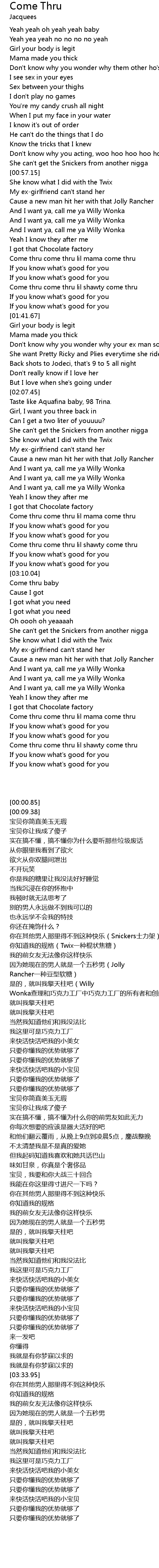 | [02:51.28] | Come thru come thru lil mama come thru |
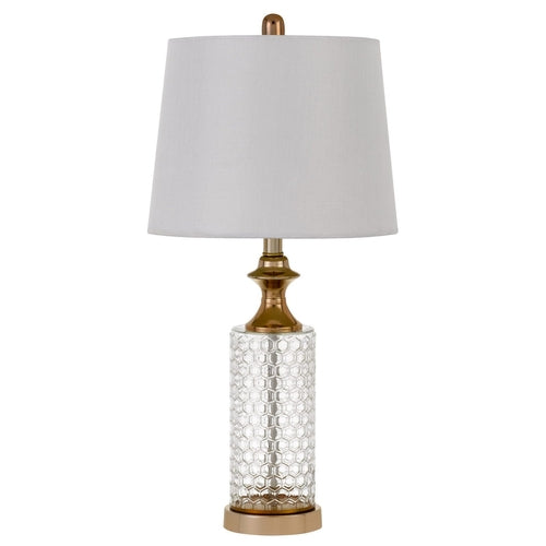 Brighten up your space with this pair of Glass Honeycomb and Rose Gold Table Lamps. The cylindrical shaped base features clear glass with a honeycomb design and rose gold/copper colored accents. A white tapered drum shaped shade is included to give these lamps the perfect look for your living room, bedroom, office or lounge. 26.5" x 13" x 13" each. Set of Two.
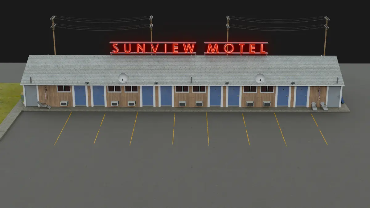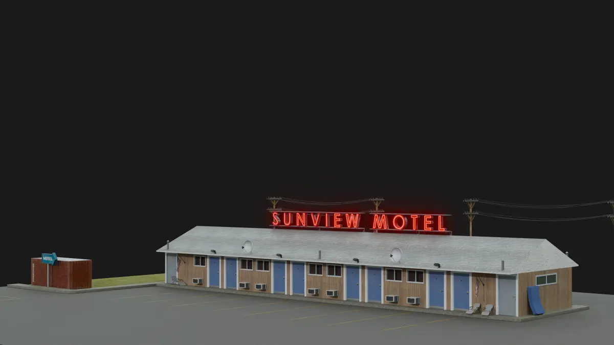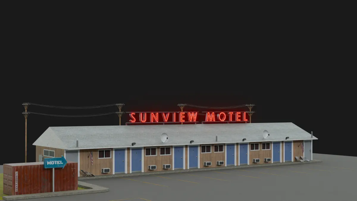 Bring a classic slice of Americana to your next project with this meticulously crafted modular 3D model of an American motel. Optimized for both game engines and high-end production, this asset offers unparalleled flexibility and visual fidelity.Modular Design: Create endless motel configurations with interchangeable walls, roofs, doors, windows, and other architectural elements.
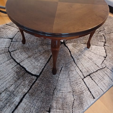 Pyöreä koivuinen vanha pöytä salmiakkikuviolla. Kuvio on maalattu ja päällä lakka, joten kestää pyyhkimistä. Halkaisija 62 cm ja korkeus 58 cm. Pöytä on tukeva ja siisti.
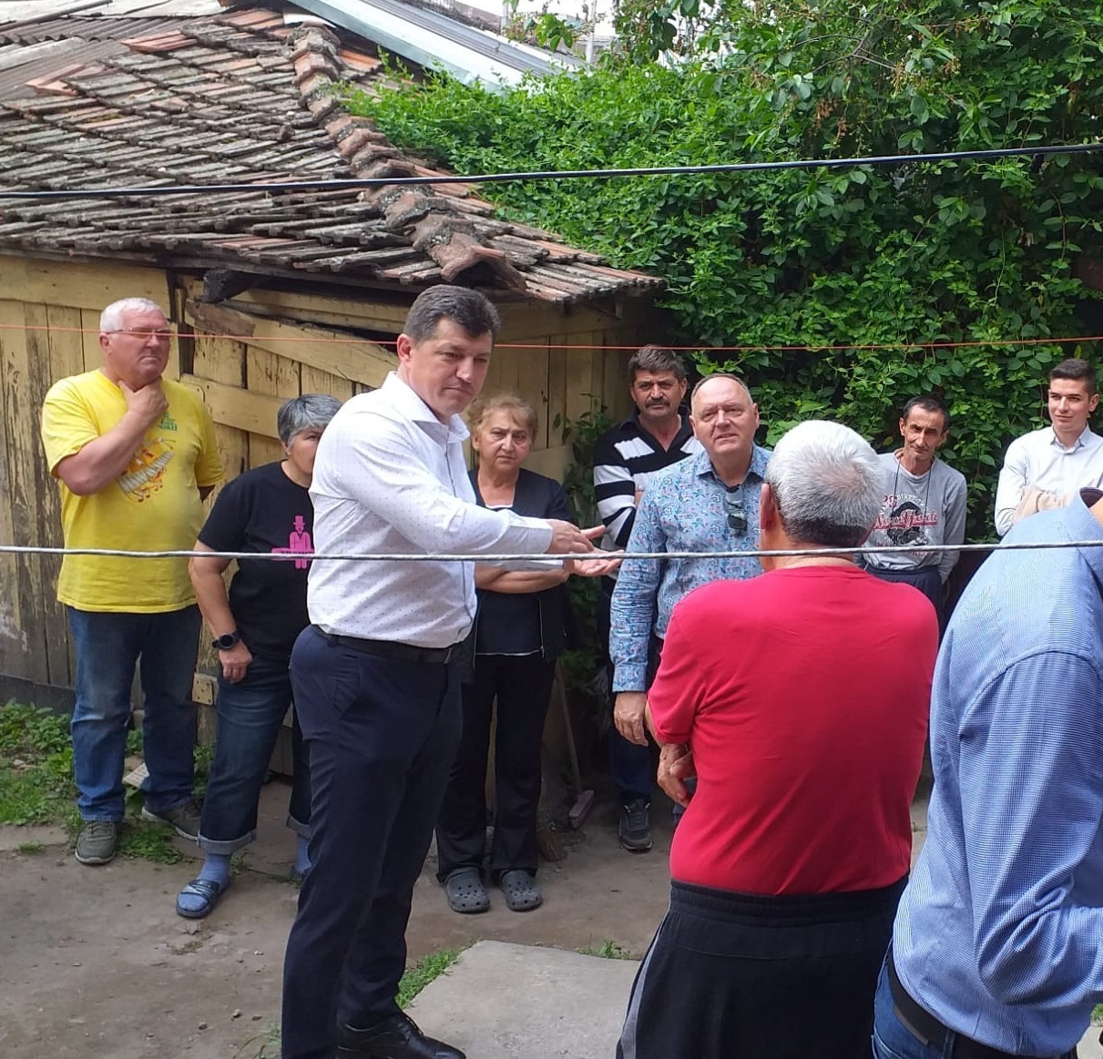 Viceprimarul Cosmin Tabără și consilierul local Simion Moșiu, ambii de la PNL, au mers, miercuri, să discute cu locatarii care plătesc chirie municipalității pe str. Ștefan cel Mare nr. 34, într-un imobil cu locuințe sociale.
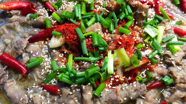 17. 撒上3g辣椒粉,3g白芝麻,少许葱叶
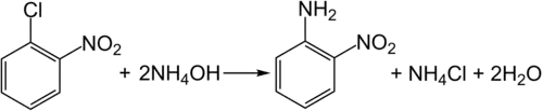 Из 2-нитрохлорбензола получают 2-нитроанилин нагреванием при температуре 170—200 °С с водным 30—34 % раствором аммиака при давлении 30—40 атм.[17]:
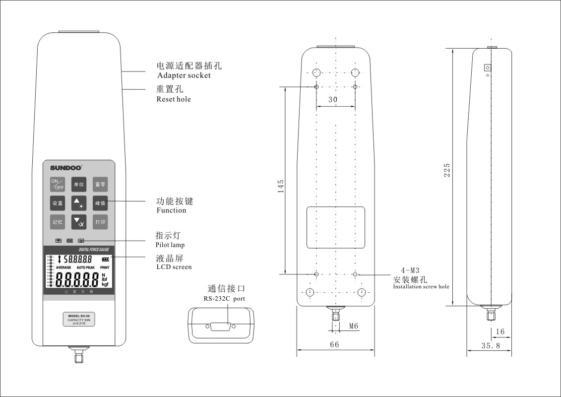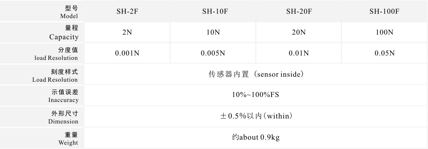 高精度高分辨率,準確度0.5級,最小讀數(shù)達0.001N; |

———

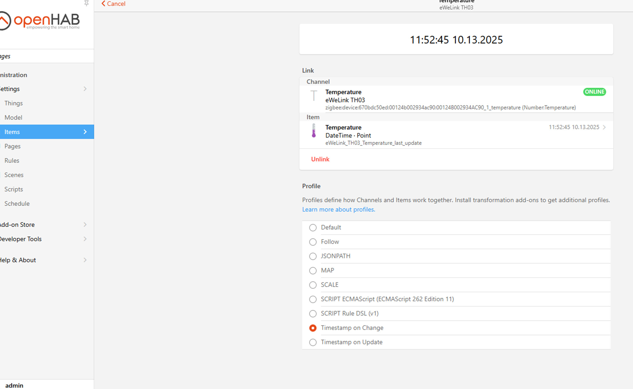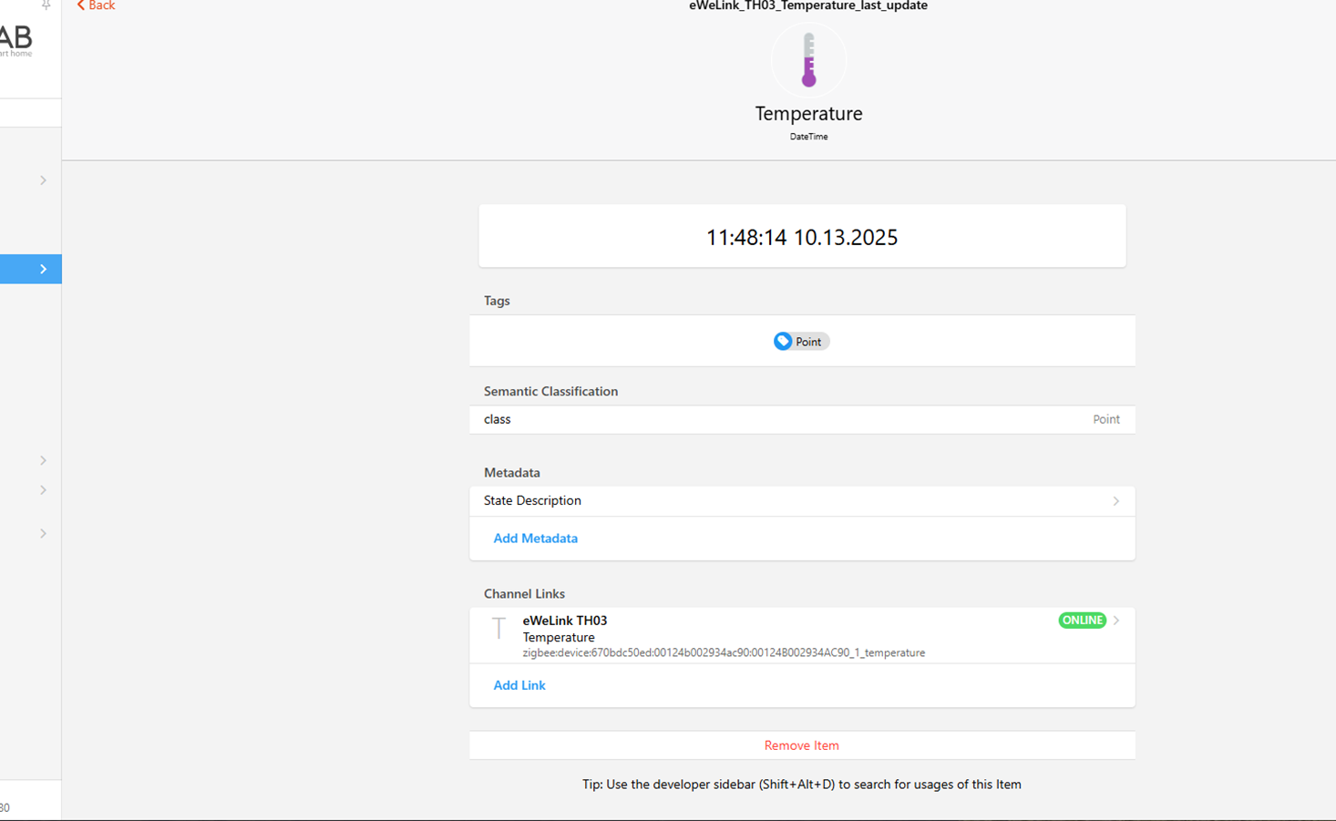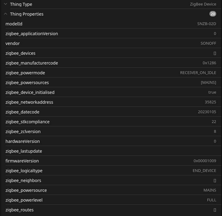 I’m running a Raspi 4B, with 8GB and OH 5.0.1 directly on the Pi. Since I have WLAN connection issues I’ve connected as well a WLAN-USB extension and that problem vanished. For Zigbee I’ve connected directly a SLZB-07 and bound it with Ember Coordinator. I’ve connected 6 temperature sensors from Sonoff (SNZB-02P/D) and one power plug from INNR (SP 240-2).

———

Return the stretch of data that begins with the line showing "Из 2-нитрохлорбензола получают" and goes on through the line showing "高精度高分辨率,準確度0.5級,最小讀數(shù)達0.001N; |", exactly, with pictures removed.

 Из 2-нитрохлорбензола получают 2-нитроанилин нагреванием при температуре 170—200 °С с водным 30—34 % раствором аммиака при давлении 30—40 атм.[17]:
 高精度高分辨率,準確度0.5級,最小讀數(shù)達0.001N; |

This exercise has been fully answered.